HUF is a legal entity that is recognized under Hindu law and is composed of a Hindu male, his wife, and his unmarried children. The head of the family is known as the “Karta” and is responsible for managing the HUF’s property and finances. HUF is considered a separate entity for tax purposes and can own property, enter into contracts, and pay taxes.

Benefits of HUF

  1. Tax Savings: HUF is eligible for certain tax exemptions and deductions that are not available to individuals. For example, the income of an HUF is taxed at a lower rate than the income of an individual. This can result in significant tax savings for the family.

  2. Property Inheritance: Property inherited by an HUF is not considered as the individual property of its members. This means that the property can be passed on to future generations without the need for probate or the payment of inheritance taxes.

  3. Protection of Property: Property owned by an HUF is protected from creditors and cannot be attached or sold to satisfy debts of its individual members.

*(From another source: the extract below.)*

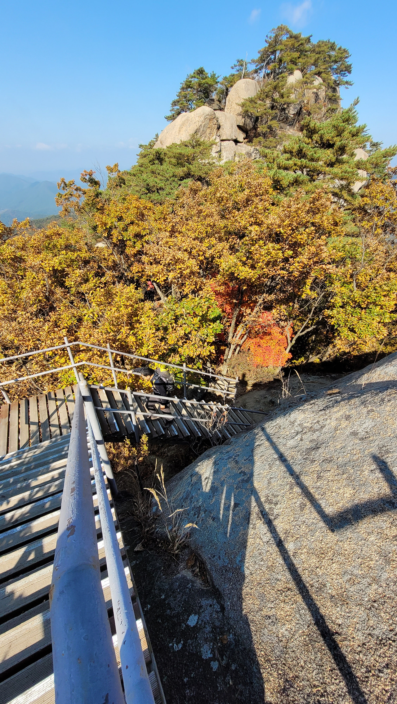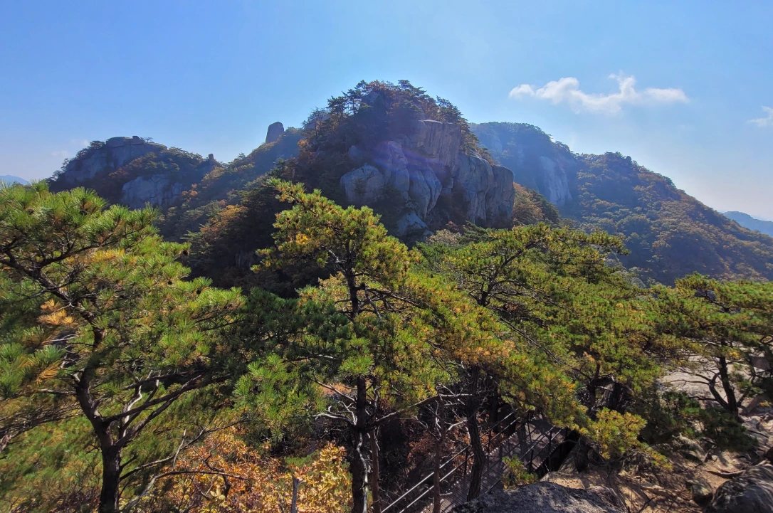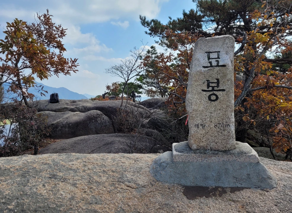 묘봉 정상으로 지그재그로 놓인 계단은 고층건물 공사장의 비계처럼 단풍이 물들기 시작한 숲과 어우러져 특이한 풍경을 연출한다. 해발 874미터 묘봉 너럭바위가 가파른 능선 한쪽을 온전히 차지하고 조망을 펼치고 있다. 무채색 암봉, 울긋불긋한 능선, 파란 하늘, 하얀 구름 등이 어우러져 그려내는 풍경은 말로 다 담아내기 어려운 장관이다.

  4. Separate Bank Accounts: HUFs can open separate bank accounts and enter into contracts in their own name. This can make it easier to manage the HUF’s finances and property.

  5. Flexibility: An HUF can be dissolved at any time and its property can be distributed among its members as per the wishes of the Karta.

How to form an HUF

  1. The first step in forming an HUF is to identify the members of the family who will be part of the HUF. This includes the Hindu male, his wife, and his unmarried children.

  2. The next step is to create a deed of partition. This is a legal document that sets out the terms of the HUF, including the names of its members, the property that will be transferred to the HUF, and the rights and responsibilities of its members.

  3. Once the deed of partition is executed, the HUF can be registered with the income tax department. This is done by filing Form 60 or Form 61 and providing proof of the HUF’s existence, such as the deed of partition.

  4. After the registration, the HUF can open a bank account and start managing its property and finances.


HUF is a legal entity that can be used as a tax planning tool in India. It offers several benefits such as tax savings, protection of property, separate bank accounts and flexibility. Forming an HUF requires a legal document known as a deed of partition and registration with the income tax department. If you are a Hindu family and looking for ways to minimize your tax liability, then it is worth considering forming an HUF. However, It’s always a good idea to consult with a financial advisor or a tax professional before making any decisions about HUF formation or any tax-related matters.